Man führte ihn in einen Raum, wo er an einem Stahltisch wartete und sich an den orangefarbenen Overall und die Handschellen zu gewöhnen versuchte. Als sich die Tür öffnete und seine Schwester hereinkam, lächelte er verlegen.
»Jordo«, sagte er. So nannte er sie, seit sie klein waren.
Sie stürmte auf ihn zu und umarmte ihn fest, was sich aufgrund der Handschellen als ein wenig schwierig erwies. Dann trat sie einen Schritt zurück und schlug ihm mit der flachen Hand gegen die Stirn. »Du Idiot! «
Kyle rieb sich die Stirn. »Autsch! Genau da, wo mich der Kaktus erwischt hat.«
»Was hast du dir nur dabei gedacht?«, fragte sie ihn ungläubig.

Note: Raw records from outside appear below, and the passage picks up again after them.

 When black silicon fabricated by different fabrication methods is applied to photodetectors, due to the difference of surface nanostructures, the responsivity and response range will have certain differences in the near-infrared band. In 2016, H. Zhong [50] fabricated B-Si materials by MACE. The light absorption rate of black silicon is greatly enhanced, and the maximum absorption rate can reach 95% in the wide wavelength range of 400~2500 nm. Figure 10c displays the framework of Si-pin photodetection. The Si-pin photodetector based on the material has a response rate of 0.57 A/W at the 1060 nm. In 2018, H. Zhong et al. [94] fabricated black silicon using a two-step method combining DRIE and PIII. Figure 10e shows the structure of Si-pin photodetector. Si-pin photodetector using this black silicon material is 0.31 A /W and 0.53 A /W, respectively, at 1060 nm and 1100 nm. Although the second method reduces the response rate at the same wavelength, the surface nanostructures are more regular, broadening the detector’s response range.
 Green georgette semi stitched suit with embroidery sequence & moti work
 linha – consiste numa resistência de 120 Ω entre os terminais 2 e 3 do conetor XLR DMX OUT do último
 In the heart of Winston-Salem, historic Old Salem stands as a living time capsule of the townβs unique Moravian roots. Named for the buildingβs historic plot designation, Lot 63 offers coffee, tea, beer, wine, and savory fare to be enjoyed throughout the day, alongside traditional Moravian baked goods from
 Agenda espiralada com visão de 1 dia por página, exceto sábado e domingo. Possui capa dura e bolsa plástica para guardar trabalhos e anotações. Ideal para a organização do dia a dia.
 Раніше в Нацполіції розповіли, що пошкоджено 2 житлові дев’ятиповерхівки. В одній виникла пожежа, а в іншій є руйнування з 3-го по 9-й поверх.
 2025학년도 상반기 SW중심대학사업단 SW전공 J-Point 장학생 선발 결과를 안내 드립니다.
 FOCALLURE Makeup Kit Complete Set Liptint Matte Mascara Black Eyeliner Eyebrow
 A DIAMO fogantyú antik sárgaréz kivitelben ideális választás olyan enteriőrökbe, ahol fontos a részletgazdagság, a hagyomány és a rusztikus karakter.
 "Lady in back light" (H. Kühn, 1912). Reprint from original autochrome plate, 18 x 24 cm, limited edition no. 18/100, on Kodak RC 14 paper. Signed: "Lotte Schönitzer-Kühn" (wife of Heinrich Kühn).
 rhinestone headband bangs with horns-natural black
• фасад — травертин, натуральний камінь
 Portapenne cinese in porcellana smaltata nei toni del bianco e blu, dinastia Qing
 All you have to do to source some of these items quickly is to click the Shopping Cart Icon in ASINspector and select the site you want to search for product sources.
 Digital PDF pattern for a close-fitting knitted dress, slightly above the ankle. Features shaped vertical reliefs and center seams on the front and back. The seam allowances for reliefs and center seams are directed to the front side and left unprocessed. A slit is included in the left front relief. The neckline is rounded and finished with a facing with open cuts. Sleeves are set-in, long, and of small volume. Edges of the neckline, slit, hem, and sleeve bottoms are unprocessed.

Im Laufe der nächsten paar Wochen war das die Frage, die Kyle unzählige Male von Freunden, seiner Familie, den Anwälten, der Presse und so ziemlich jedem gestellt bekam, der ihm auf der Straße begegnete. Er hätte sagen können, dass es etwas mit Stolz zu tun gehabt hatte oder mit seinem Ego oder mit der Tatsache, dass er schon immer recht jähzornig gewesen war, wenn man ihn provozierte. Aber schlussendlich lief es auf eine einzige Sache hinaus.
»Ich habe … einen Fehler gemacht«, antwortete er seiner Schwester ehrlich. Er war nicht der erste Mann, der überreagiert hatte, nachdem er von seiner Freundin betrogen worden war, und er würde auch nicht der letzte sein. Doch leider war gerade er in der einzigartigen Position gewesen, es in einem globalen Ausmaß zu vermasseln.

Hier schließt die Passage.